Inputs and outputs can reach into subordinate scopes for artifacts, which can flow upward by re-export or laterally between sibling sub-analyses. Decisions only flow downward from ancestors into descendants. To share a decision between siblings, declare it on their common ancestor and alias it with from inside each child.

Sibling output alias:

analyses:
  preprocessing:
    outputs:
      - id: cleaned_catalog
        type: data

  fitting:
    inputs:
      - id: catalog
        from: ../preprocessing.cleaned_catalog

Child output re-export:

outputs:
  - id: fit_parameters
    from: fitting.fit_parameters

Ancestor decision alias:

analyses:
  fitting:
    decisions:
      magnitude:
        from: ../magnitude

External analysis dependencies are separate from from.
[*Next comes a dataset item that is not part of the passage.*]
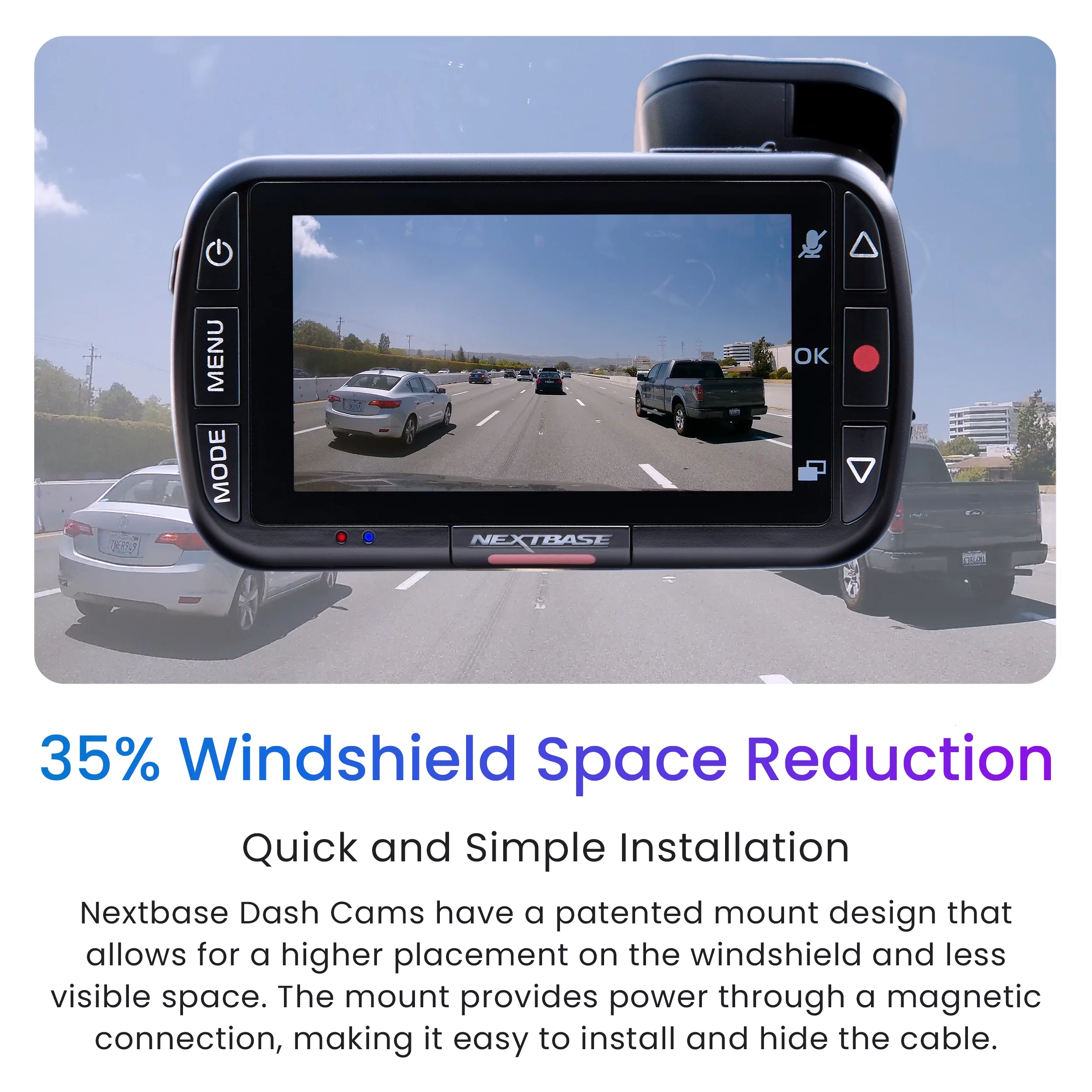 Nextbase 222 Compact Dash Cam in Black 2.5 HD IPS Screen, 1080p Full HD, Intelligent Parking Mode, G Force Sensor, 0.17lbs Assembled.

Use type: analysis with ref when the dependency is a different ASTRA analysis rather than an element inside the current analysis tree:

inputs:
  - id: prior_fit
    type: analysis
    ref: analyses/baseline_fit
    ref_version: "1.2"
    use_outputs: [fit_parameters, residual_plot]

ID conventions¶

Context	Pattern	Example
Input, output, decision, option, sub-analysis, insight, evidence IDs	`^[a-z][a-z0-9_]*$`	`catalog_data`, `fit_method`
Universe IDs	`^[a-z][a-z0-9_-]*$`	`baseline`, `cleaned-data`
Constraint references	`decision_id.option_id`	`fit_method.robust_linear`
Version	`^\d+\.\d+(\.\d+)?$`	`"1.0"`, `"1.0.0"`
DOI	`^10\.\d{4,}/.*$`	`"10.48550/arXiv.1706.03762"`

These category names are reserved and cannot be used as entity IDs:

inputs   outputs   decisions   findings   prior_insights
analyses options   content

The reserved names prevent ambiguity in tree-path references and element addressing.

Schema artifacts¶

ASTRA is defined in LinkML. The source schema files live in src/astra/schema/ and generate datamodels and validation artifacts for multiple ecosystems.

Generated artifacts:

Artifact	Purpose
LinkML YAML	Merged source schema definition.
JSON Schema	YAML/JSON validation artifact.
JSON-LD Context	Linked-data context.
Python datamodels	Generated classes distributed with the package.

File	Defines
`analysis.yaml`	`Analysis`, `Input`, `Output`, `Decision`, `Option`, `Recipe`, `Resources`, and cross-scope aliases.
`universe.yaml`	`Universe`, `UniverseNode`, `DecisionSelection`, and decision selections.
`insight.yaml`	`Insight`, `Evidence`, `InsightCollection`, quote selectors, and fragment selectors.

Generated Python datamodels are distributed with the package. The documentation site also includes the auto-generated schema reference for exact class and slot details.